她不敢再看回放,匆匆关掉光幕,却发现自己的内裤与大腿内侧已经一片狼藉,黏稠的蜜汁顺着腿根往下流,乳头还硬挺着,花穴还在一阵一阵地收缩,像是还含着那根不存在的肉棒。她把脸埋进枕头,眼角渗出一点温热的泪,却分不清是羞耻还是渴望。
同一时间,信义区的建筑事务所还亮着灯。陈慕洋独自留在二十三楼的会议室里,落地窗外是台北永不熄灭的霓虹,桌上的平板同样亮着感官回放的画面。白天他已经看过三次,每一次胯下的肉棒都会硬到发疼。
回放里是沈若妍潮吹的瞬间,粉嫩的花穴死死绞住他的肉棒,淫水像小股喷泉一样浇在龟头上,雪白的酥胸剧烈晃动,长发湿透贴在背上,嘴里胡乱喊着「要去了,要被你弄坏了」。

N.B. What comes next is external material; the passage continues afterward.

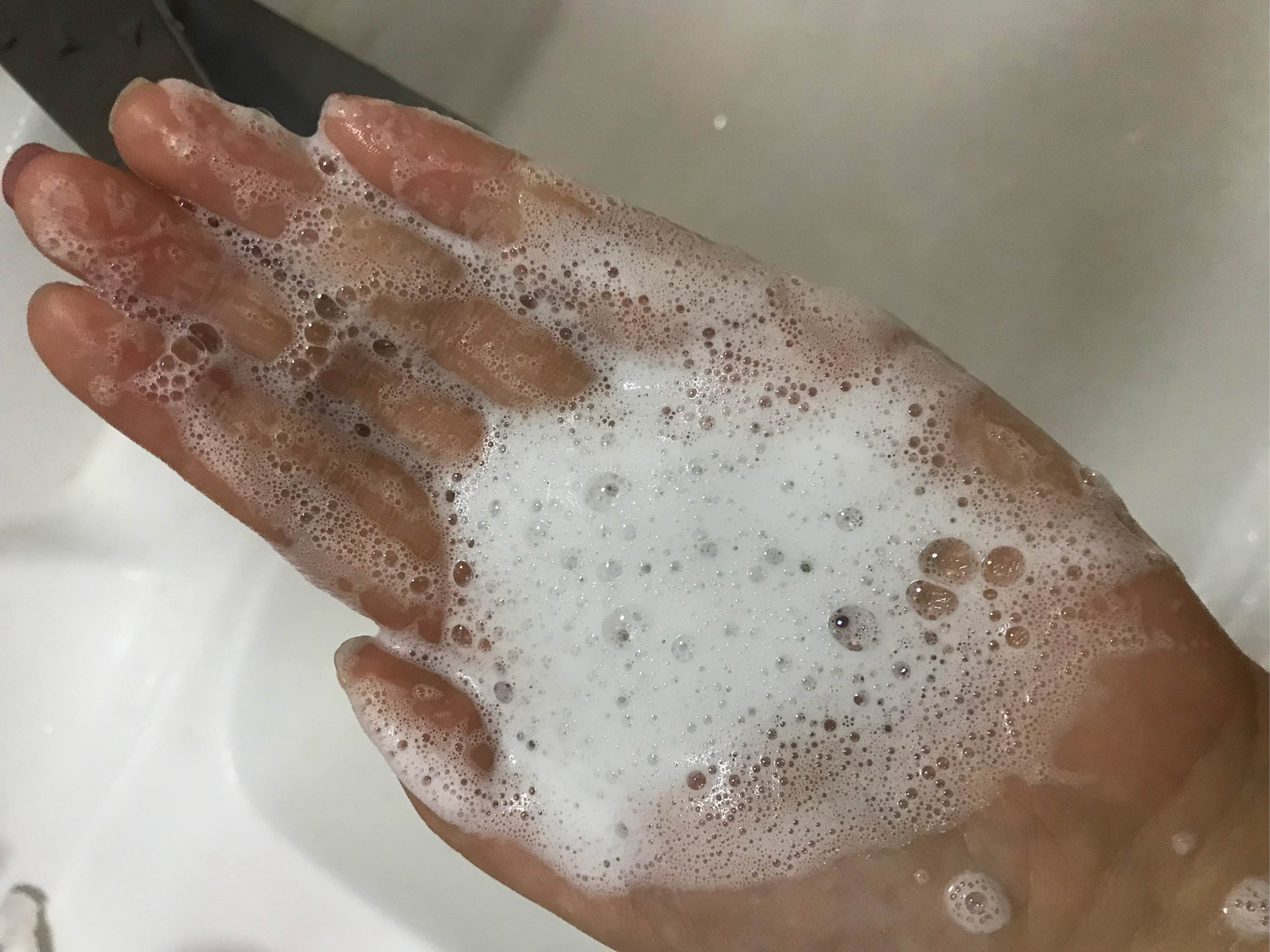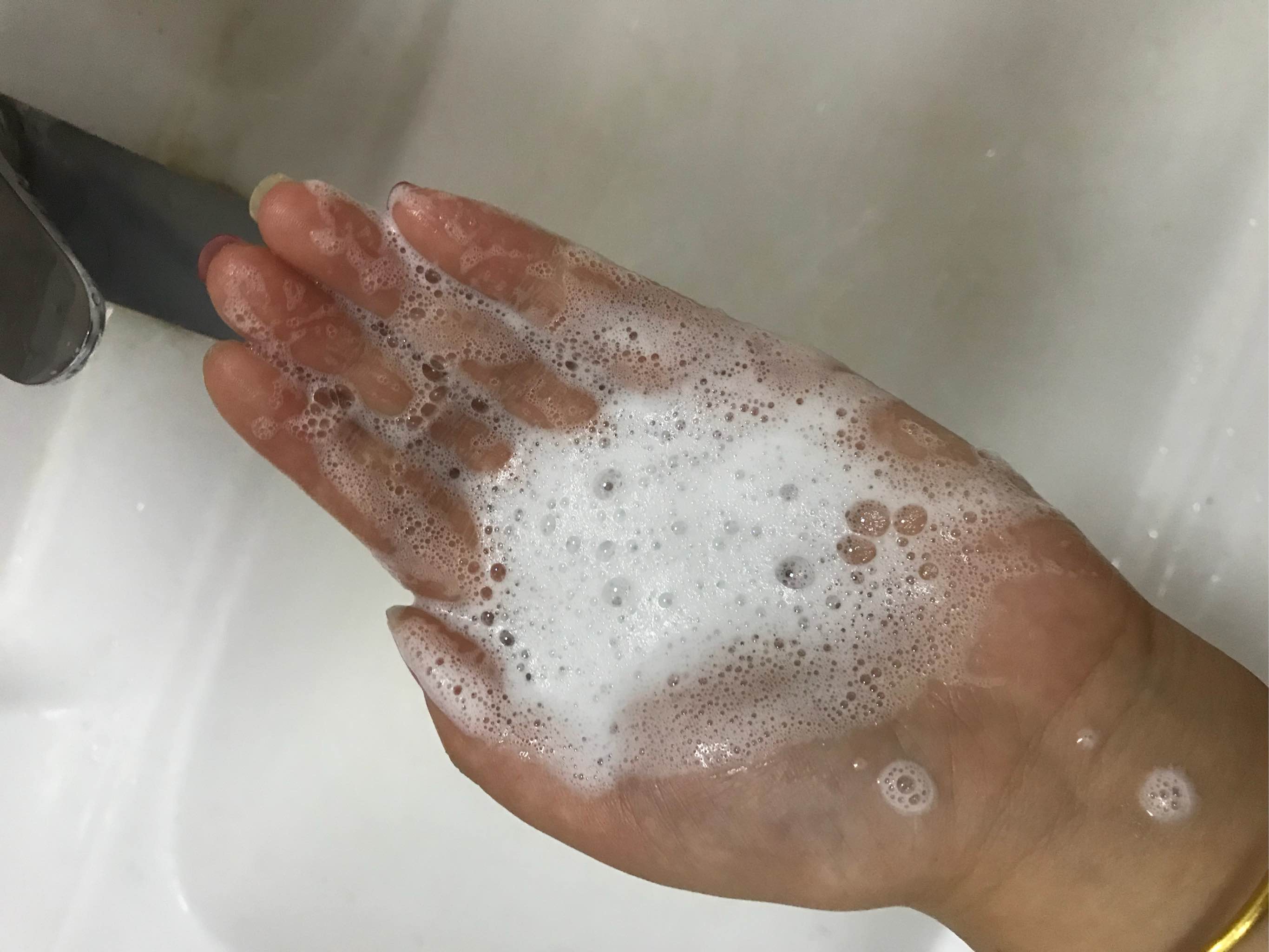 接了水打的泡沫。打泡沫的时候感觉洗面奶特别顺滑,很容易就打出泡沫了。虽然泡沫不是特别丰富,但是洁净效果不错哒。

同步率九十六的数据在角落跳动,陈慕洋看着那张因为快感而失神的脸,呼吸越来越重,西装裤下的男根已经硬得把布料顶出一道狰狞的弧度,顶端渗出的黏液把内裤都弄湿了。他伸手隔着裤子重重按住自己,却不敢真的释放,因为那种快感太强烈,强烈到他只要一闭眼,就会把那个红唇短裙的女子和家里那个穿亚麻衬衫的妻子重叠。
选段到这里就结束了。